Investigations for temporal arthritis include raised inflammatory markers, such as an ESR greater than 50 mm/hr and elevated CRP. A temporal artery biopsy may also be performed, and skip lesions may be present. Treatment for temporal arthritis involves urgent high-dose glucocorticoids, which should be given as soon as the diagnosis is suspected and before the temporal artery biopsy. If there is no visual loss, high-dose prednisolone is used. If there is evolving visual loss, IV methylprednisolone is usually given prior to starting high-dose prednisolone. Urgent ophthalmology review is necessary, as visual damage is often irreversible. Other treatments may include bone protection with bisphosphonates and low-dose aspirin.

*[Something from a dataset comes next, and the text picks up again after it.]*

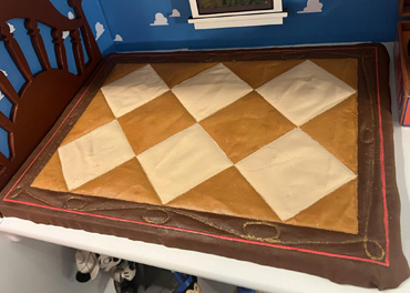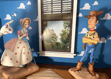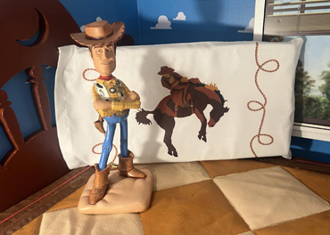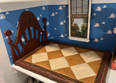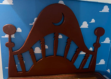 Andy's Bed set has three pieces. A bed, headboard with double-sided tape for attaching to the wall, and a cloth pillow.

The Garden classification system is utilized for the classification of neck of femur fractures. In this case, the patient has experienced a fall on her left side resulting in a painful, shortened, and externally rotated leg, which is highly suggestive of a neck of femur fracture. The Garden classification system categorizes these fractures into four types based on their severity and displacement. On the other hand, Gartland classification is used for supracondylar fractures in children, Salter-Harris classification is used for fractures around the growth plate in children, and the Ottawa Rules are used to identify potential ankle fractures in patients.

Hip fractures are a common occurrence, particularly in elderly women with osteoporosis. The femoral head’s blood supply runs up the neck, making avascular necrosis a potential risk in displaced fractures. Symptoms of a hip fracture include pain and a shortened and externally rotated leg. Patients with non-displaced or incomplete neck of femur fractures may still be able to bear weight. Hip fractures can be classified as intracapsular or extracapsular, with the Garden system being a commonly used classification system. Blood supply disruption is most common in Types III and IV fractures.

Intracapsular hip fractures can be treated with internal fixation or hemiarthroplasty if the patient is unfit. Displaced fractures are recommended for replacement arthroplasty, such as total hip replacement or hemiarthroplasty, according to NICE guidelines. Total hip replacement is preferred over hemiarthroplasty if the patient was able to walk independently outdoors with the use of a stick, is not cognitively impaired, and is medically fit for anesthesia and the procedure. Extracapsular hip fractures can be managed with a dynamic hip screw for stable intertrochanteric fractures or an intramedullary device for reverse oblique, transverse, or subtrochanteric fractures.